This study analyzes the process of overcoming prejudice and discrimination experiences of mothers with disabilities and looks for improvement points. It is interviewed 9 mothers of children with disabilities who were experiencing prejudice and discrimination while raising children with disabilities. The data collection was conducted from October to November, 2018 and one by on one in depth interview by using semi - structured questionnaires. Data analysis was done through consensual qualitative research (CQR). The result of CQR while it is a experiencing the process of prejudice and discrimination as well as coping the raising disabled children. 'Prejudice and discrimination experience of mothers with disabilities' and 'overcoming of discrimination experiences of mothers with disabilities' were derived. And the seven sub-regions, 28 categories, were finally constructed. The results of the study are as follows. Firstly, Prejudice and discrimination experiences of mothers with disabilities in raising children with disabilities are view of looking at children with disabilities comparing to those of normal children and children with disabilities.

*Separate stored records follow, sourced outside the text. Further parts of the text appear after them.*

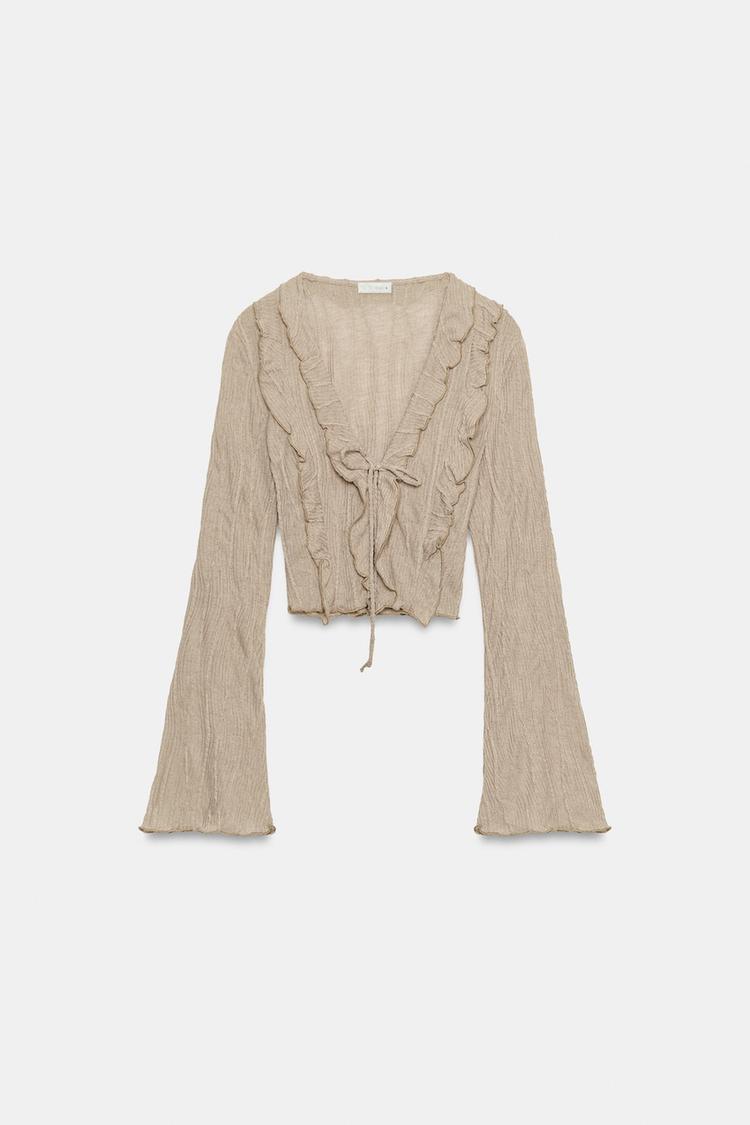 ZARA ТОП С ВОЛАНАМИ И ЗАВЯЗКАМИ, БЕЖЕВЫЙ
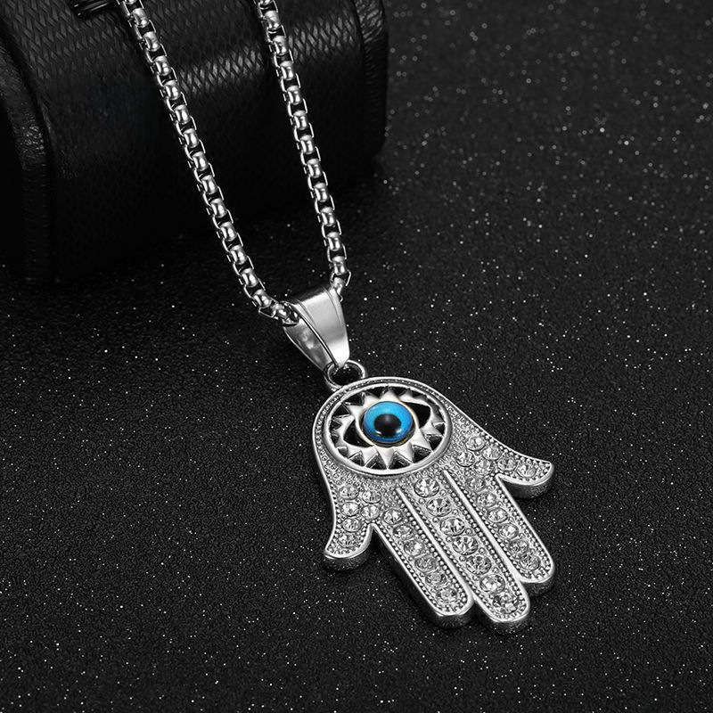 | nameOriginal | European and American New Hip Hop hiphop Jewelry Stainless Steel Gold Plated Rhinestone Blue Eyes Fatima Hand Pendant Necklace |
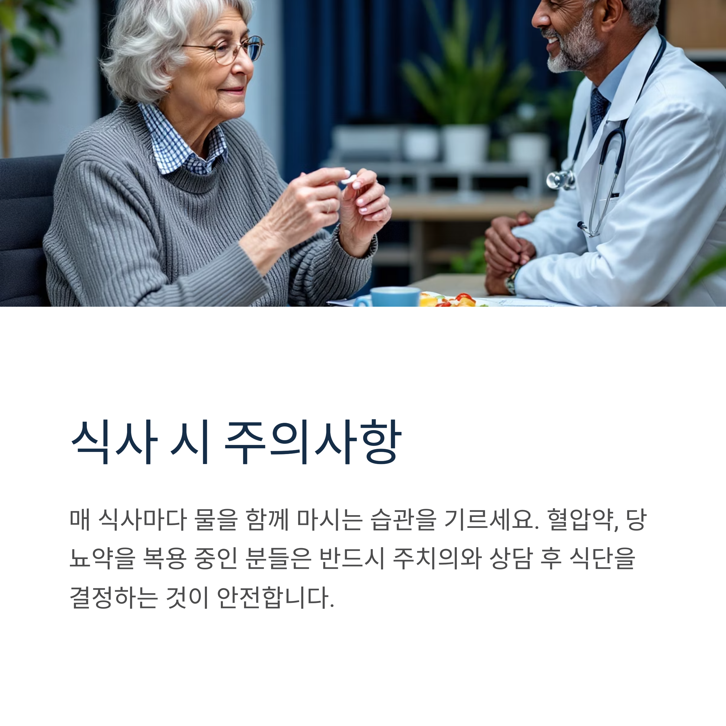 고령자 여름 식단을 계획할 때는 반드시 기존에 앓고 있는 질병과 복용 중인 약물을 고려해야 합니다. 특히 혈압약, 당뇨약을 복용 중인 분들은 주치의와 상담 후 식단을 결정하는 것이 안전합니다.

It seems that they want to treat the disabled child as the general child with an attitude of understanding and accepting the disabled child rather than looking at the disabled child with wrong perception, prejudice, stereotypes and rejection. Secondly, The process of overcoming the discrimination experiences of the mother of the disabled child is strengthening the cohesion and cohesion within the family in the process of accepting and coping with the disability family of the child with disabilities even if they raise the child with disability and have difficulties such as recognition bias and discrimination of the general public. Based on the results of this study, we suggested practical and policy implications for the mother's psychological stability of the child with disability and the disabled child's healthy life.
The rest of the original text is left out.